● **What to do**:
For every line below, output the text exactly and leave out images.

[Stored data]

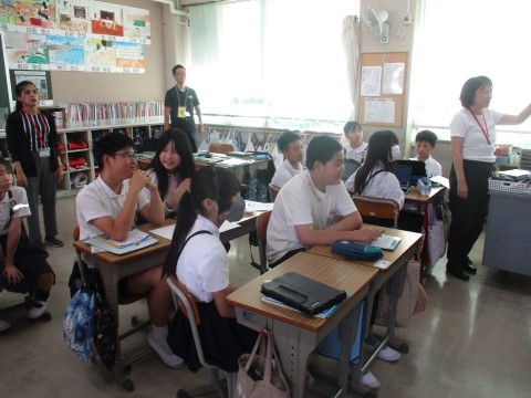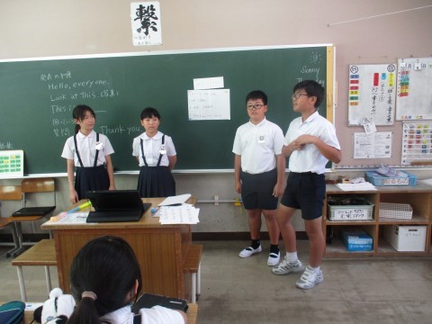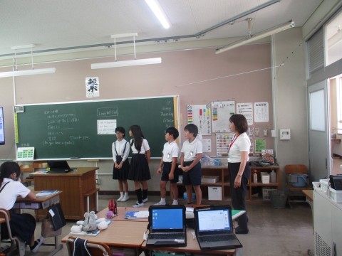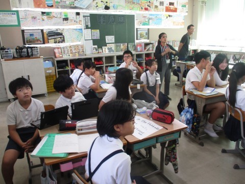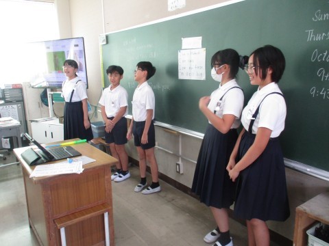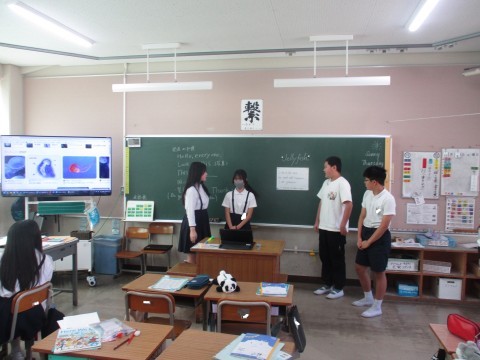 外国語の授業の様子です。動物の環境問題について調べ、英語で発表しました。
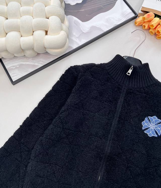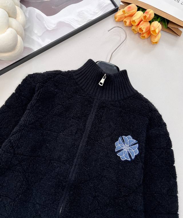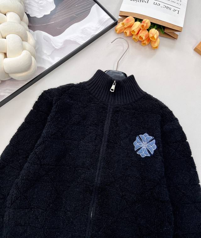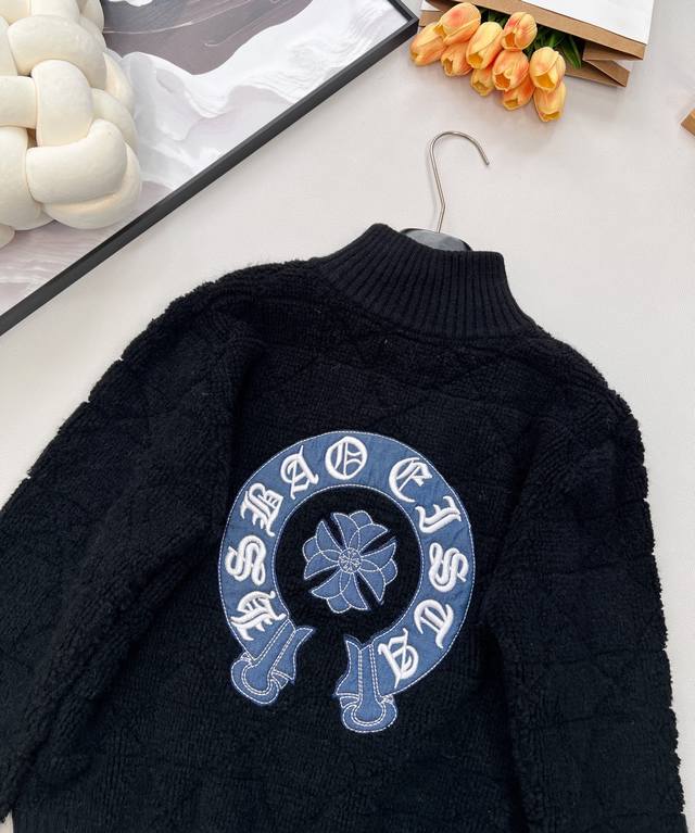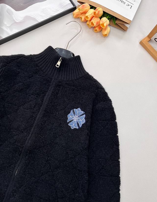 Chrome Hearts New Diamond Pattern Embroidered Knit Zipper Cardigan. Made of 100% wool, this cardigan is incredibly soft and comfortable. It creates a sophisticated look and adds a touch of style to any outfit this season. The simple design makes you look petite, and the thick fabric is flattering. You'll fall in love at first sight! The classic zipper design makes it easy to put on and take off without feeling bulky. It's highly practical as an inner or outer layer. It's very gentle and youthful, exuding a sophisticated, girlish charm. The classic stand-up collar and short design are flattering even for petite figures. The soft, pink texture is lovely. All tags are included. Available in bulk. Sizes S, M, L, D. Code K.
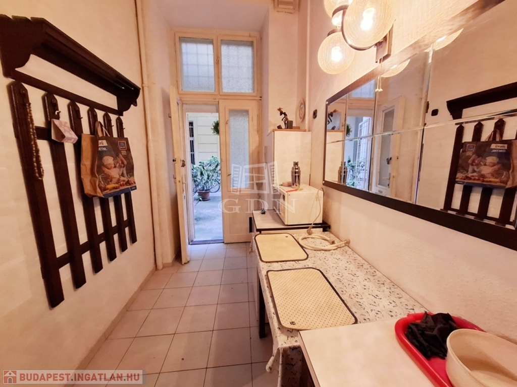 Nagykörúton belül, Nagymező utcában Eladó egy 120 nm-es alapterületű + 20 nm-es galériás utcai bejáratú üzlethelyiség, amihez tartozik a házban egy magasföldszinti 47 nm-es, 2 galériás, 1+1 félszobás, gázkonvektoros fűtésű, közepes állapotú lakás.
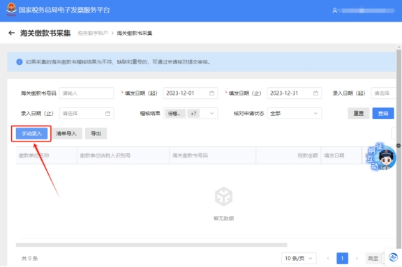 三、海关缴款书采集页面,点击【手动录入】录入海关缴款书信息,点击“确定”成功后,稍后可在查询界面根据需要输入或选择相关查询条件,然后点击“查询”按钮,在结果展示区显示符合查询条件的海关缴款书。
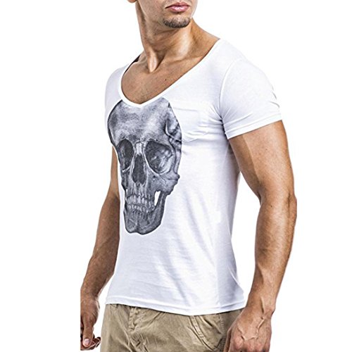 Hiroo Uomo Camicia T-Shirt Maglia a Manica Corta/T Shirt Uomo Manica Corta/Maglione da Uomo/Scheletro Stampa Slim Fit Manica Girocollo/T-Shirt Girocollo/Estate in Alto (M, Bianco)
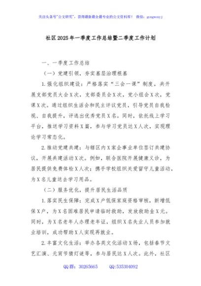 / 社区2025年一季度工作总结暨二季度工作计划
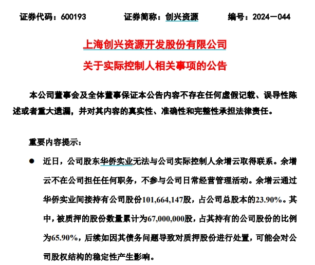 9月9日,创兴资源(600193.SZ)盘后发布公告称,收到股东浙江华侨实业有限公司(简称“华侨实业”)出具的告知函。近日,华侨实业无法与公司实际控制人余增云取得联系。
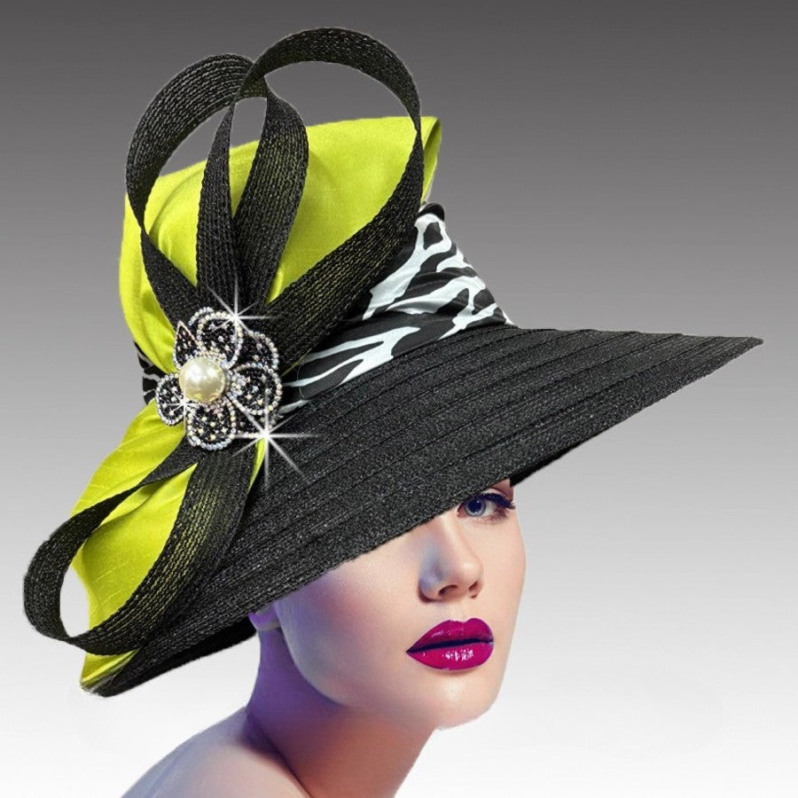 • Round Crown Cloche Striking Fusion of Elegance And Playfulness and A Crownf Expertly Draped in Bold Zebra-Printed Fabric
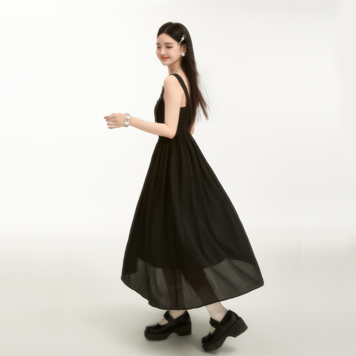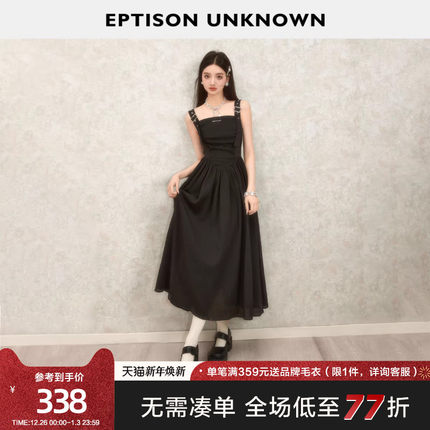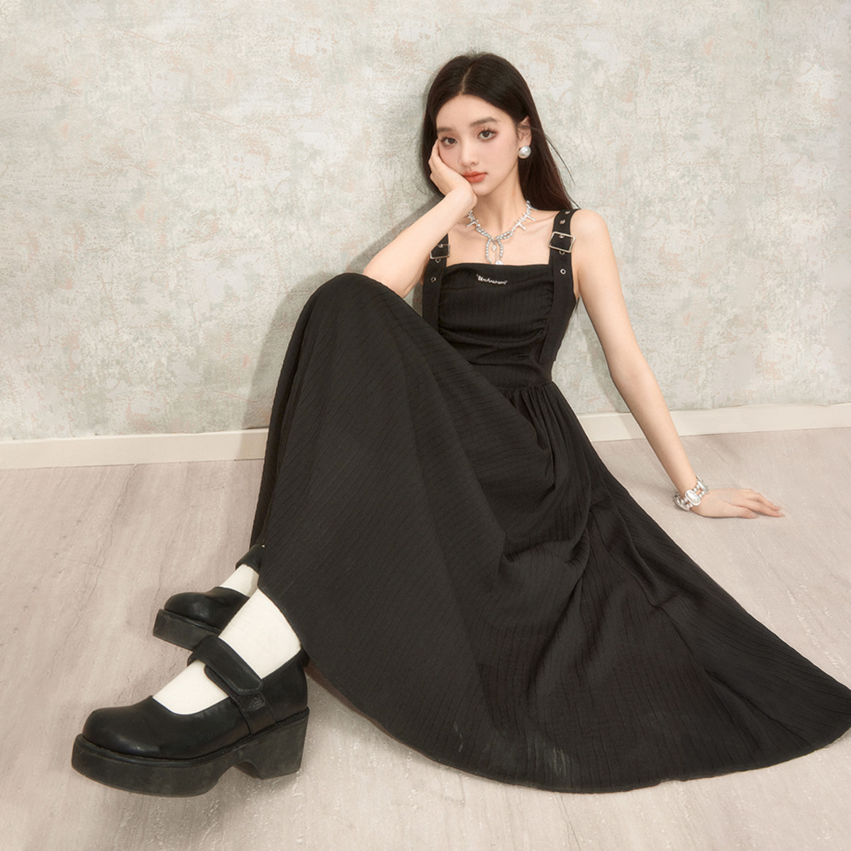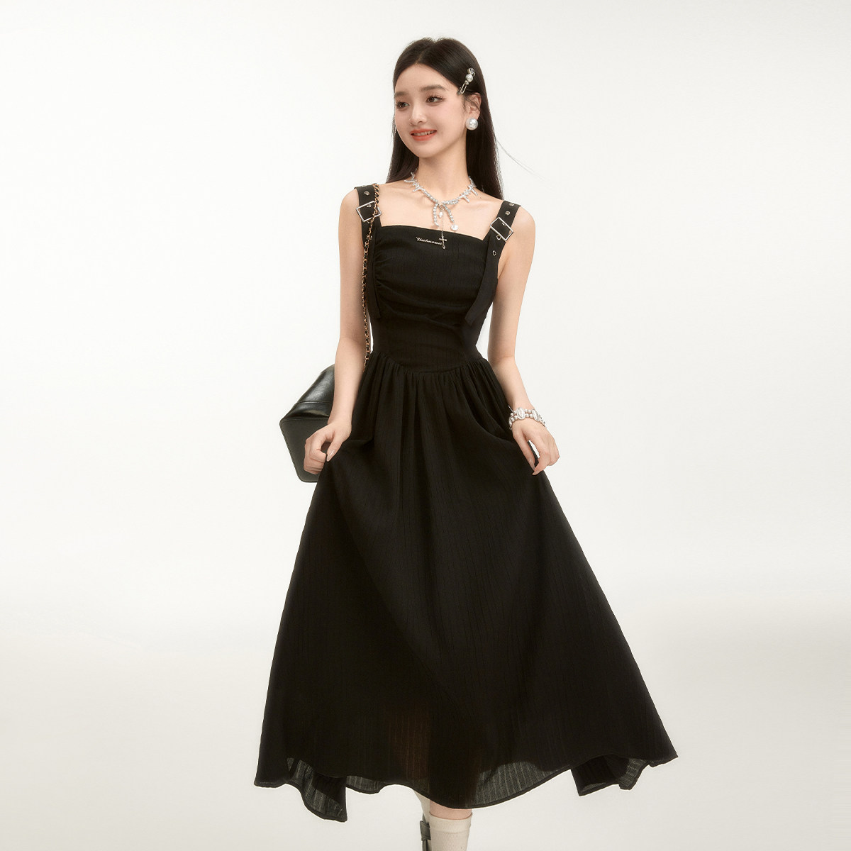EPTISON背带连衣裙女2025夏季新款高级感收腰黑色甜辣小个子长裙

● **Response area**:
 外国語の授業の様子です。動物の環境問題について調べ、英語で発表しました。
 Chrome Hearts New Diamond Pattern Embroidered Knit Zipper Cardigan. Made of 100% wool, this cardigan is incredibly soft and comfortable. It creates a sophisticated look and adds a touch of style to any outfit this season. The simple design makes you look petite, and the thick fabric is flattering. You'll fall in love at first sight! The classic zipper design makes it easy to put on and take off without feeling bulky. It's highly practical as an inner or outer layer. It's very gentle and youthful, exuding a sophisticated, girlish charm. The classic stand-up collar and short design are flattering even for petite figures. The soft, pink texture is lovely. All tags are included. Available in bulk. Sizes S, M, L, D. Code K.
 Nagykörúton belül, Nagymező utcában Eladó egy 120 nm-es alapterületű + 20 nm-es galériás utcai bejáratú üzlethelyiség, amihez tartozik a házban egy magasföldszinti 47 nm-es, 2 galériás, 1+1 félszobás, gázkonvektoros fűtésű, közepes állapotú lakás.
 三、海关缴款书采集页面,点击【手动录入】录入海关缴款书信息,点击“确定”成功后,稍后可在查询界面根据需要输入或选择相关查询条件,然后点击“查询”按钮,在结果展示区显示符合查询条件的海关缴款书。
 Hiroo Uomo Camicia T-Shirt Maglia a Manica Corta/T Shirt Uomo Manica Corta/Maglione da Uomo/Scheletro Stampa Slim Fit Manica Girocollo/T-Shirt Girocollo/Estate in Alto (M, Bianco)
 / 社区2025年一季度工作总结暨二季度工作计划
 9月9日,创兴资源(600193.SZ)盘后发布公告称,收到股东浙江华侨实业有限公司(简称“华侨实业”)出具的告知函。近日,华侨实业无法与公司实际控制人余增云取得联系。
 • Round Crown Cloche Striking Fusion of Elegance And Playfulness and A Crownf Expertly Draped in Bold Zebra-Printed Fabric
EPTISON背带连衣裙女2025夏季新款高级感收腰黑色甜辣小个子长裙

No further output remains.